» **Information provided**:
- - - - -
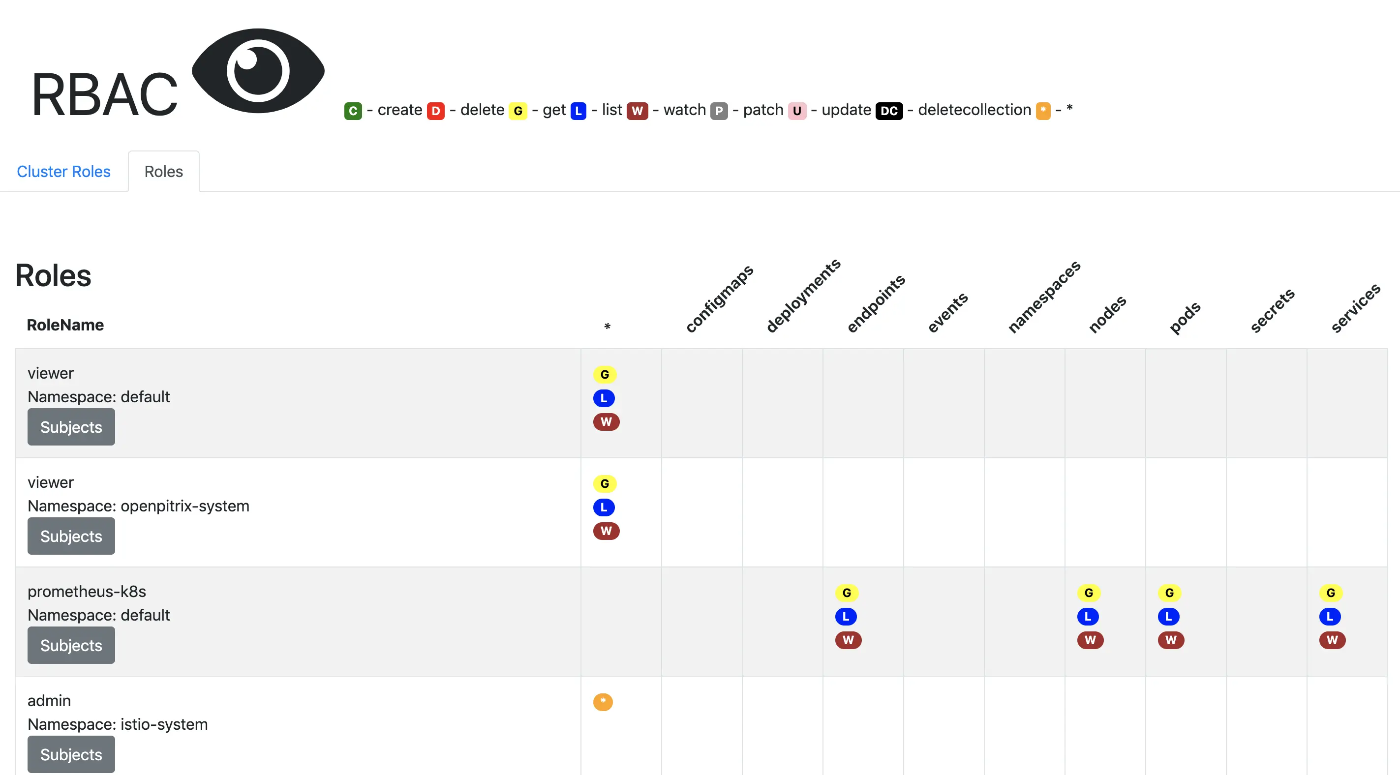 $ kubectl rbac-view
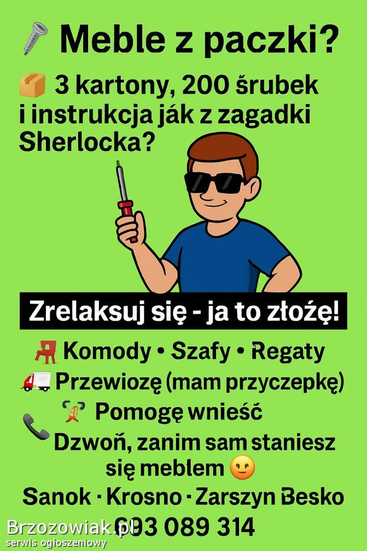 Skręcę i rozkręcę meble, przewiozę przyczepką, oraz pomogę wnieść wszystko na miejsce.
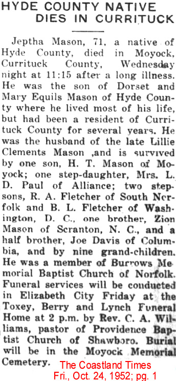 CURRITUCK COUNTY OBITUARIES
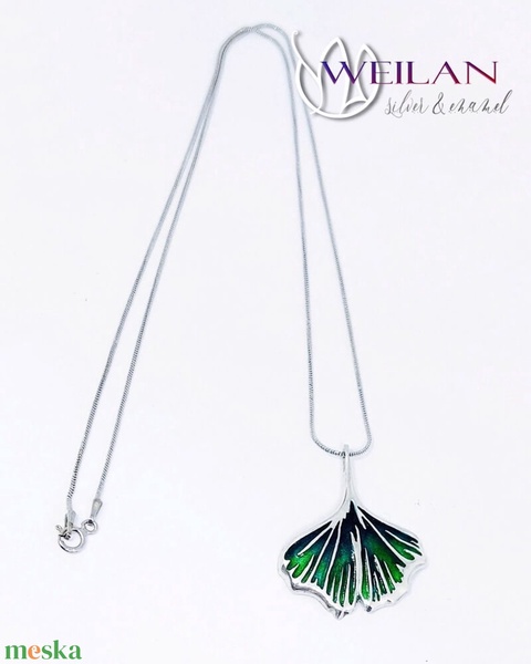 Leaf - Ginkgo Biloba - ezüst tűzzománc medál, ezüst láncon, smaragdzöld
- - - - -
» **What is needed**: In full and without any pictures, print the listing above exactly.

» **Answer for this exercise**:
 $ kubectl rbac-view
 Skręcę i rozkręcę meble, przewiozę przyczepką, oraz pomogę wnieść wszystko na miejsce.
 CURRITUCK COUNTY OBITUARIES
 Leaf - Ginkgo Biloba - ezüst tűzzománc medál, ezüst láncon, smaragdzöld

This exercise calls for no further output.